By Joseph Delisi, for RedEye
10:39 AM CDT, April 12, 2012
Giving out high fives, Chicago native and television star Danny Pudi received a deafening applause from fans at University of Illinois Chicago April 11 as he ran down aisle after aisle so attendees could smack his backside.
Pudi showed students on UIC's campus that his quirky, Indian character Abed from NBC's hit show, "Community," isn't so different in reality.
In honor of Asian American Awareness Month at UIC, Pudi discussed his unique bloodline as a bi-racial Polish and Indian child, as well as his life growing up in Chicago.
He screened his own presentation titled "Mixed-Up," where he took audience members down memory lane, to every odd intersection of his life where his parents "fell in love at the YMCA and had interracial babies," and when he attempted to be the scrawniest football player ever to step on the field. He even talked about when he used to write polish raps about ice cream.
"My mother named me Daniel after a Polish Christian album I was conceived to and Pudi is an Indian name given from my father and I think it translates to drum, but if you look it up on urban dictionary it also means 'female genitalia," he said. "These are just facts."
As a practitioner of statistics, Pudi further showed how rare his ethnic background is by the following analogy: the Chicago Cubs are 1,200 times more likely to win the World Series this year than the chances of a Polish-Indian child being born. And that's quite a task in itself.

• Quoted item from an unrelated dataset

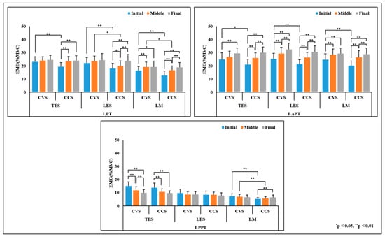 Differences in the muscle activities between the CVS and CCS are presented in Figure 5. In LPT, all activities of TES, LES, and LM muscle among the initial, middle and final test were increased both for the CVS and CCS. On the CVS, there were no significant differences in the activity of TES and LES muscle among the initial, middle and final test. In contrast, on the CCS, when comparing to the initial test, a significant increase in the activity of TES muscle was found in the middle (21.56%) and final (24.37%) test (p < 0.01). The activity of LES muscle increased significantly in the middle (10.54%) and final (32.25%) test (p < 0.05 and p < 0.01, respectively). The activity of LES muscle in the final (19.64%) test also increased significantly compared to the middle test (p < 0.01). The activity of LM muscle on the CVS increased significantly in the middle (16.76%) and final (16.80%) test compared to the initial test (p < 0.05 and p < 0.01, respectively). When comparing the initial test, on the CCS, the activity of LM muscle more increased significantly in the middle (30.62%) and final (46.89%) test than the CVS (p < 0.01). The activity of LM muscle in the final (12.46%) test increased significantly compared to the middle test (p < 0.01). In addition, in the initial test, the significant differences in the muscle activity between the CVS and CCS were shown in all muscles (p < 0.01). On the contrary, in the middle test, there were significant differences in the activity of LES and LM muscle between the CVS and CCS (p < 0.05). On the other hand, in the final test, there were no significant differences in the activity of all muscles between the CVS and CCS. In LAPT, all activities of TES, LES, and LM muscle among the initial, middle and final test were increased both for the CVS and CCS. On the CVS, the activity of TES muscle increased in the middle (7.15%) and final (17.87%) test compared to the initial test. However, a significant increase in muscle activity was only shown in the final test (p < 0.01). The activity of TES muscle also increased significantly in the final test (10.00%) compared to the middle test (p < 0.01). On the CCS, a significant increase in the activity of LES muscle was found in the middle (23.26%) and final (42.28%) test compared to the initial test (p < 0.01). The activity of LES muscle in the final (15.44%) test also increased significantly compared to the middle test (p < 0.01). Unlike the results in the TES and LES muscle, a significant increase in the activities of LM muscle was shown in all periods both for the CVS and CCS. On the CVS, the activity of LM muscle increased significantly in the middle (15.38%) and final (3.27%) test compared to the middle test (p < 0.01). On the CCS, the activity of LM muscle increased significantly in the middle (32.31%) and final (43.98%) test compared to the initial test (p < 0.01). The activity of LM muscle also increased significantly in the final (8.81%) test compared to the middle test (p < 0.01). The significant differences in the activity of all muscles between the CVS and CCS were only shown in the initial test (p < 0.01). In LPPT, the overall tendency in the activity of all muscles was decreased gradually after performing the personalized exercise. On the CVS, a significant decrease in the activity of TES muscle was found in the middle (22.46%) and final (34.36%) test compared to the initial test (p < 0.01). When comparing the middle test, the activity of TES muscle also decreased significantly in the final (15.34%) test (p < 0.01). On the CCS, the activity of TES muscle increased significantly in the middle (22.99%) and final (28.89%) test compared to the initial test (p < 0.01). However, there was no significant decrease in the activity of TES muscle between the middle and final test. On the other hand, the activity of LES muscle among the initial, middle and final test decreased both for the CVS and CCS, while there were no significant differences in the muscle activity between periods. The activity of LM muscle among the initial, middle and final test decreased on the CVS while it increased on the CCS. A significant increase in the activity of LM muscle was shown in the final (21.08%) test compared to the initial test (p < 0.01). Additionally, when comparing the middle test, the activity of LM muscle also increased significantly in the final (11.67%) test (p < 0.05).

"I'm pleased with my interracial plight," he added. "It has influenced all my character identities and character work that has made me successful."
UIC student Kim Diego could relate to Pudi's multicultural heritage.
"It can be weird with multiple ethnicities," Diego said. "I'm half Puerto-Rican, half Chinese, so its refreshing to hear someone else discuss their unique cultural background."
As a Chicago born, Second City and Marquette graduate, Pudi is better known for his role as the imaginative Abed on "Community." A fan-favorite, the show chronicles the goofy and absurd interactions between students and faculty at a community college in Colorado.
For the "Community" fans at the event, Pudi said, "You will see a lot more of 'Evil Abed' coming up soon." He also discussed how the change of character for him was a terrifying, yet thrilling experience for him.
"On set, I don't always know how it's going to pan out," he said. "That's really exciting too, unlike most comedy shows right now, it's really refreshing to be on show [where] we don't know what's going to happen week-to-week, even as actors."
When fans of "Community" were in uproar a few months ago as a result of NBC pulling the show from its 2011-12 mid-season schedule, Pudi said he was in shock by the support.
"The fan base is amazing, it's really interesting to see what crazy videos fans come up with," he said. "Somebody recently told me, that there is a "Community" porn in the making."